- [Records to process]:
==*==

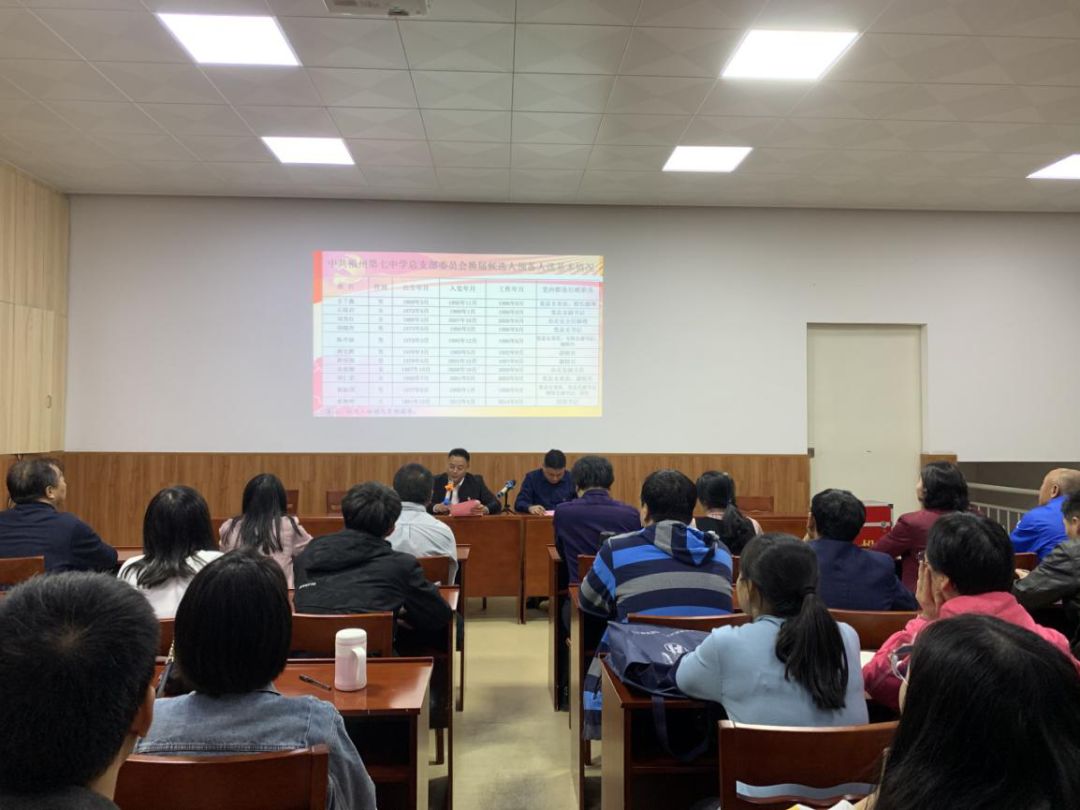 在换届选举投票环节,陈华演同志宣读选举办法(草案),介绍委员候选人基本情况,全体党员表决通过了选举办法(草案)、候选人名单、计票人以及监票人名单。党员按要求认真填写选票、按序投票,经过全体党员无记名投票和差额选举,邱晓兴、谢振国、石炜君、陈华演、林义辉、林绍强、郑仁荣、方千鑫、卓凌颖等9名同志当选中共福州 第七中学总支部委员会新一届委员。
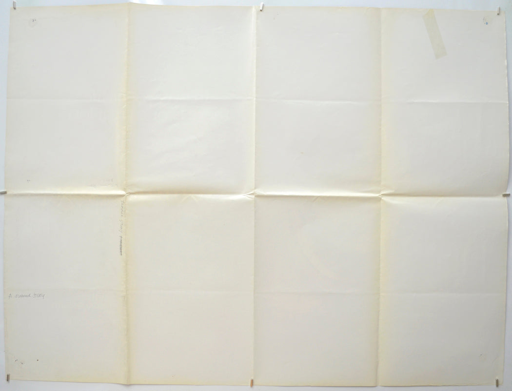 10 cm tear from the top edge downwards (near left corner) this has Sellotape on the back, 2 cm white crease line near the top left corner, tiny tear and a 1 cm white vertical crease line also on the top edge, tiny tear and extremely mild creasing on the bottom edge, three extremely tiny tears and extremely mild creasing/edge wear on the left edge, mild fold wear (a few small white stress marks on some the fold lines) Note there are three horizontal and three vertical folds, some light surface creasing near both side edges including some light vertical creases, blu-tac grease/residue on the back of every corner and the back of the center of every edge plus the title has been written twice on the back in Biro (all only noticeable on the front if the poster is held up to the light / backlit), otherwise good.
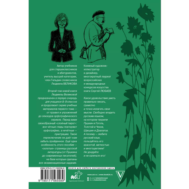 Русский язык. Слова и предложения. Второй том новой книги Людмилы Великовой предназначен в первую очередь для учащихся 8-9 классов и продолжает серию учебных материалов первого тома - от правил и упражнений до эпизодов орфографического сериала. Перед вами своеобразный "слоёный пирог": все чётные главы повторяют орфографию, а нечётные - пунктуацию. Такое переключение не даёт нам забыть пройденное. Ещё одна особенность этого пособия - "золотые" страницы русской литературы (от Пушкина до современных писателей), на базе которых сделаны все экзаменационные задания. Известно, что именно девятый класс подводит итоги программы по русскому языку за весь курс средней школы, поэтому эту книгу можно смело рекомендовать всем заинтересованным в совершенствовании своих знаний по орфографии и пунктуации.
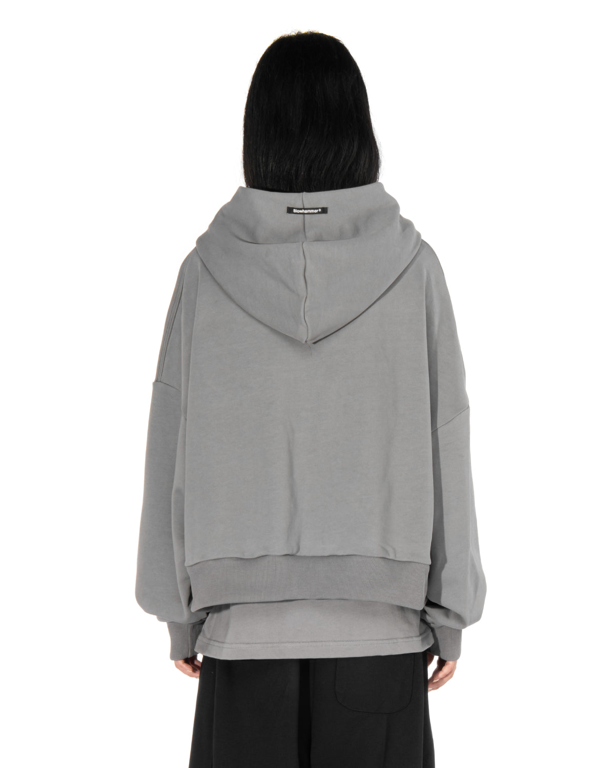 Cappuccio, maniche lunghe, chiusura frontale con Zip, due tasche laterali. Spilla "BROKENHEART ". Etichetta applicata.
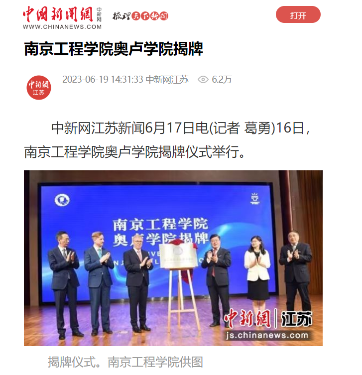 中新网江苏新闻6月17日电(记者 葛勇)16日,15vip太阳集团官网奥卢学院揭牌仪式举行。
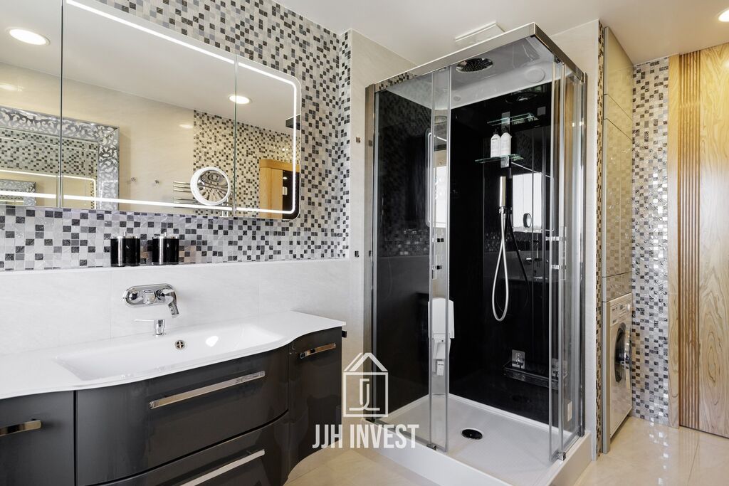 Dvě koupelny, každá na jiném patře. Spodní s párou, sprchou a saunou z cedrového dřeva, horní s masážní vanou. Vše doplněno vybavením prémiových značek, kamennými obklady a promyšleným úložným prostorem.
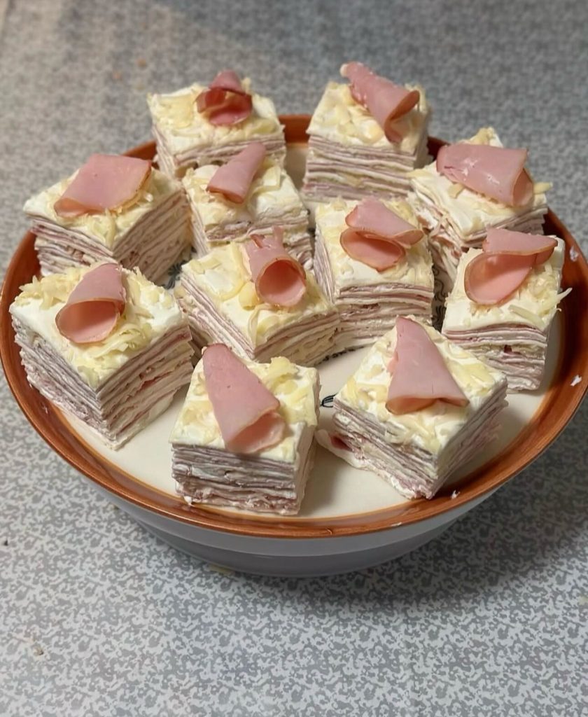 Измешајте павлака, сирење и мајонез. Прелијте ја секоја кора со тој фил. Наредете шунка за пица врз првата кора, повторно малку премачкајте ја и потоа ставете го ренданото сирење. На втората кора, само ја редите печеницата и така додека не го потрошите материјалот. Завршете со сирењето и повторно ставете го кашкавалот одозгора.

==*==

- [What to produce]:
Every entry above should be given again exactly, with no images included.

- [Exercise answer]:
 在换届选举投票环节,陈华演同志宣读选举办法(草案),介绍委员候选人基本情况,全体党员表决通过了选举办法(草案)、候选人名单、计票人以及监票人名单。党员按要求认真填写选票、按序投票,经过全体党员无记名投票和差额选举,邱晓兴、谢振国、石炜君、陈华演、林义辉、林绍强、郑仁荣、方千鑫、卓凌颖等9名同志当选中共福州 第七中学总支部委员会新一届委员。
 10 cm tear from the top edge downwards (near left corner) this has Sellotape on the back, 2 cm white crease line near the top left corner, tiny tear and a 1 cm white vertical crease line also on the top edge, tiny tear and extremely mild creasing on the bottom edge, three extremely tiny tears and extremely mild creasing/edge wear on the left edge, mild fold wear (a few small white stress marks on some the fold lines) Note there are three horizontal and three vertical folds, some light surface creasing near both side edges including some light vertical creases, blu-tac grease/residue on the back of every corner and the back of the center of every edge plus the title has been written twice on the back in Biro (all only noticeable on the front if the poster is held up to the light / backlit), otherwise good.
 Русский язык. Слова и предложения. Второй том новой книги Людмилы Великовой предназначен в первую очередь для учащихся 8-9 классов и продолжает серию учебных материалов первого тома - от правил и упражнений до эпизодов орфографического сериала. Перед вами своеобразный "слоёный пирог": все чётные главы повторяют орфографию, а нечётные - пунктуацию. Такое переключение не даёт нам забыть пройденное. Ещё одна особенность этого пособия - "золотые" страницы русской литературы (от Пушкина до современных писателей), на базе которых сделаны все экзаменационные задания. Известно, что именно девятый класс подводит итоги программы по русскому языку за весь курс средней школы, поэтому эту книгу можно смело рекомендовать всем заинтересованным в совершенствовании своих знаний по орфографии и пунктуации.
 Cappuccio, maniche lunghe, chiusura frontale con Zip, due tasche laterali. Spilla "BROKENHEART ". Etichetta applicata.
 中新网江苏新闻6月17日电(记者 葛勇)16日,15vip太阳集团官网奥卢学院揭牌仪式举行。
 Dvě koupelny, každá na jiném patře. Spodní s párou, sprchou a saunou z cedrového dřeva, horní s masážní vanou. Vše doplněno vybavením prémiových značek, kamennými obklady a promyšleným úložným prostorem.
 Измешајте павлака, сирење и мајонез. Прелијте ја секоја кора со тој фил. Наредете шунка за пица врз првата кора, повторно малку премачкајте ја и потоа ставете го ренданото сирење. На втората кора, само ја редите печеницата и така додека не го потрошите материјалот. Завршете со сирењето и повторно ставете го кашкавалот одозгора.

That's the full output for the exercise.